Mark Mobius: If Bitcoin Crashes, It Takes Tech With It

(Moguldom) Mark Mobius, an investment manager who claims to have crisscrossed the globe and tasted some horrible food “to find ‘undervalued companies‘ before other investors do,” sees risk in the connection between tech stocks and bitcoin.

The founder of Mobius Capital Partners, Mobius spoke Tuesday on Bloomberg Television.

“The relationship between bitcoin prices and the tech market is very close,” he said. If “bitcoin prices go down, I think the tech stocks are going to be hit very badly.”

The world’s No. 1 cryptocurrency, bitcoin held up “quite well” throughout the recent Nasdaq correction. This could “have been due to the fact that the S&P 500 had also held-up quite well,” said Matt Maley, chief market strategist at Miller Tabak + Co. in a note Tuesday.

Bitcoin reclaimed its $1 trillion market capitalization milestone on Tuesday. The cryptocurrency was trading at $57,417.75 on Thursday, after hitting an all-time high of about $58,300 on Feb. 21, 2021. Less than a month before that, one bitcoin was worth $30,534 on Jan. 27.

“Hopefully it stays up,” Mobius said. “I am not predicting or wishing it goes down, but I just hope it stays up because tech stocks then will be able to revive.”

 

One school of thought sees bitcoin as a stimulus-fueled bubble destined to burst like it did in the 2017-2018 boom-and-bust cycle, Bloomberg reported. Another sees the price of bitcoin rising as more institutions adopt it.

Mobius told Financial News earlier in March that he feared a bubble was forming in some parts of the market as investors piled into bitcoin and unprofitable companies.

“We are in a bubble in some areas of the market, particularly in the opaque cryptocurrency market and in some companies that are popular for one reason or the other, even though there are continuing earnings losses,” he said.

Mobius told Bloomberg he fears a decline in bitcoin prices could hit tech stocks “very badly.” 

The sell-off and rapid decline in tech stocks over the past month is probably not over, Mike Wilson, Morgan Stanley’s chief U.S. equity strategist, said in a client note on Sunday.

Since its Feb. 16 peak, the Nasdaq 100 fell more than 10 percent despite good news about fewer covid-19 cases, scaled-up vaccinations, and the $1.9 trillion stimulus package, just passed in Congress.

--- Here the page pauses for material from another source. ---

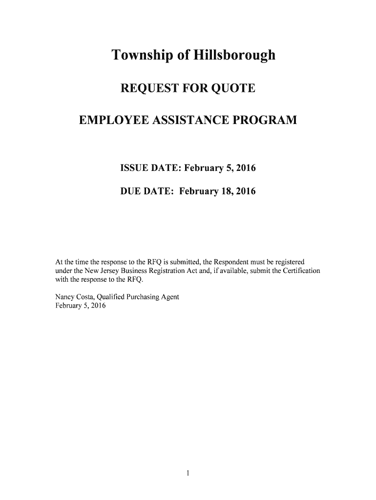 Township of Hillsborough REQUEST FOR QUOTE EMPLOYEE ASSISTANCE PROGRAM ISSUE DATE: February 5, 2016, DUE DATE: February 18, 2016, At the time the response to the RFQ is submitted, the Respondent must

In March 2020, when the Nasdaq, Dow Jones and S&P 500 fell to their one-year lows, bitcoin crashed to $3,800 — its one-year low.

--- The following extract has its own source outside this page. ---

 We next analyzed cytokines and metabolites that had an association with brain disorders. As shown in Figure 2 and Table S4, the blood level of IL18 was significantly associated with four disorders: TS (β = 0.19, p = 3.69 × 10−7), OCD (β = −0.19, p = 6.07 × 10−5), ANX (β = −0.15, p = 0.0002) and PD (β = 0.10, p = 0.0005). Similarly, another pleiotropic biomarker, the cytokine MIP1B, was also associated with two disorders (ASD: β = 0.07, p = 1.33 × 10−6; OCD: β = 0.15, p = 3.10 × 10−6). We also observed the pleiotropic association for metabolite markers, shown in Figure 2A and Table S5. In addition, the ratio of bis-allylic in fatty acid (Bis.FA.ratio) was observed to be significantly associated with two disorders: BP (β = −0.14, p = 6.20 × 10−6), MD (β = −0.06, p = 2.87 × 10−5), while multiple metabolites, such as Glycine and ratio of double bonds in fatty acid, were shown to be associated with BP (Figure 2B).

London-based digital asset management firm CoinShares recommended that investors allocate 4 percent of their portfolios to bitcoin, arguing that in its growth phase, it “behaves like a tech stock,” Forbes reported in August.

“As a disruptive technology, bitcoin’s risk profile is rather similar to that of a technology stock: if it reaches its potential, the value could be immense, but at the same time, there is a chance it fails entirely, leaving the value of bitcoins close to zero,” wrote CoinShares’ research strategist James Butterfill.

Mobius, who became famous for investing in emerging markets, said he believes bitcoin and gold are correlated since they’re both considered to be stores of value, Business Insider reported.

Gold, which traded at $1,723 per ounce on Thursday, and has fallen 7 percent in the last month. “There’s some relationship between these two and one of the reasons why gold is down,” Mobius said. “Otherwise there’s no good reason why gold should be down at this stage.”